Welcome back to Lovecraft Country—we are past the halfway point of the season’s journey! I can totally see Misha Green in her writers’ room, saying, “Give me K-Horror, but make it BLACK!” What I am really enjoying is how the show’s creators are throwing all of these different, well-developed worlds and storylines at us, confident we can keep up. They refuse to underestimate the intelligence of their audience, and it is a pleasure to see our attention spans fully appreciated with the rigor and minutiae packed into this episode—much of which includes details only their horror-savvy and Korean audience would detect.
For example, the title of the show and episode appear followed by the untranslated Korean phrase “구미호” (“kumiho”), which immediately announces the kind of creature Ji-Ah is, but only to those who can read Korean.
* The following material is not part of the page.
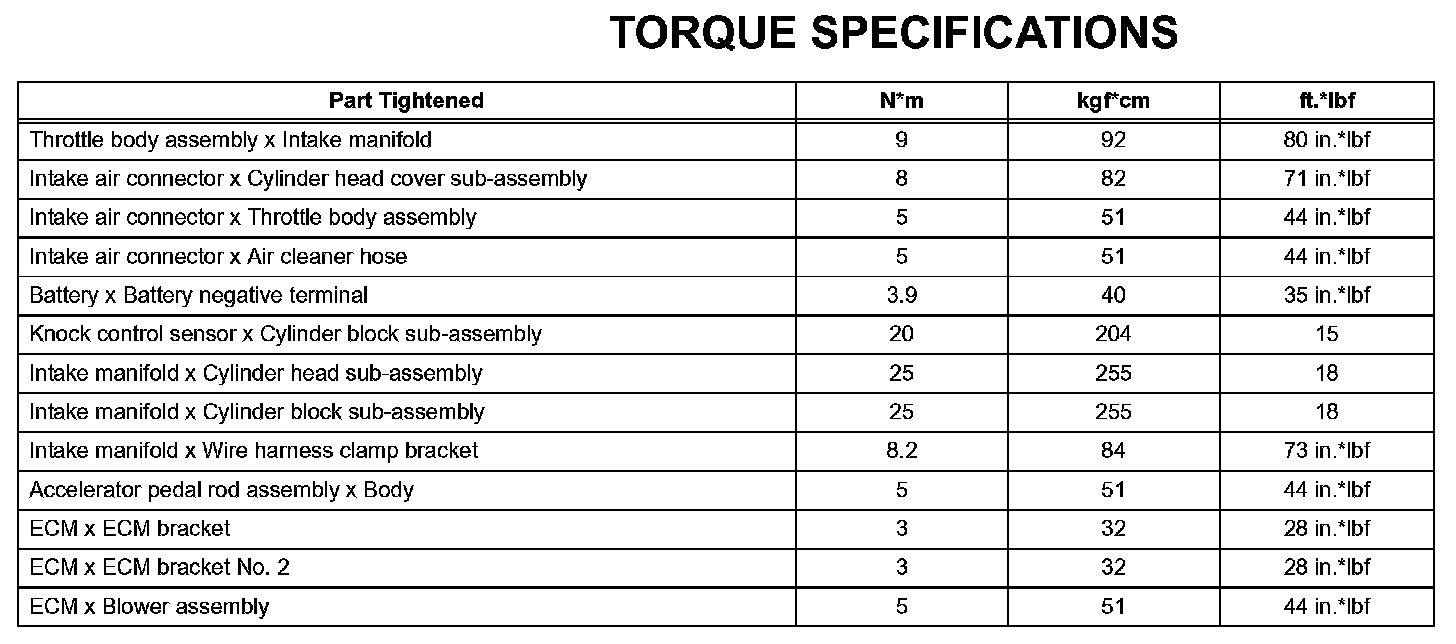 Engine Control System - Torque Specifications:

Now, even I can admit this episode threw me by immersing us in the dynamics of the Korean War—which is ironic since the war is important to my own family’s lore. In fact, the nuns at Xavier University lied to the U.S. government to prevent my grandfather from being conscripted as a soldier. So, I literally exist because Black NOLA nuns DGAF, and because clearly everyone knew my grandfather was smart as a whip—but couldn’t fight worth a damn. It wasn’t his blessing.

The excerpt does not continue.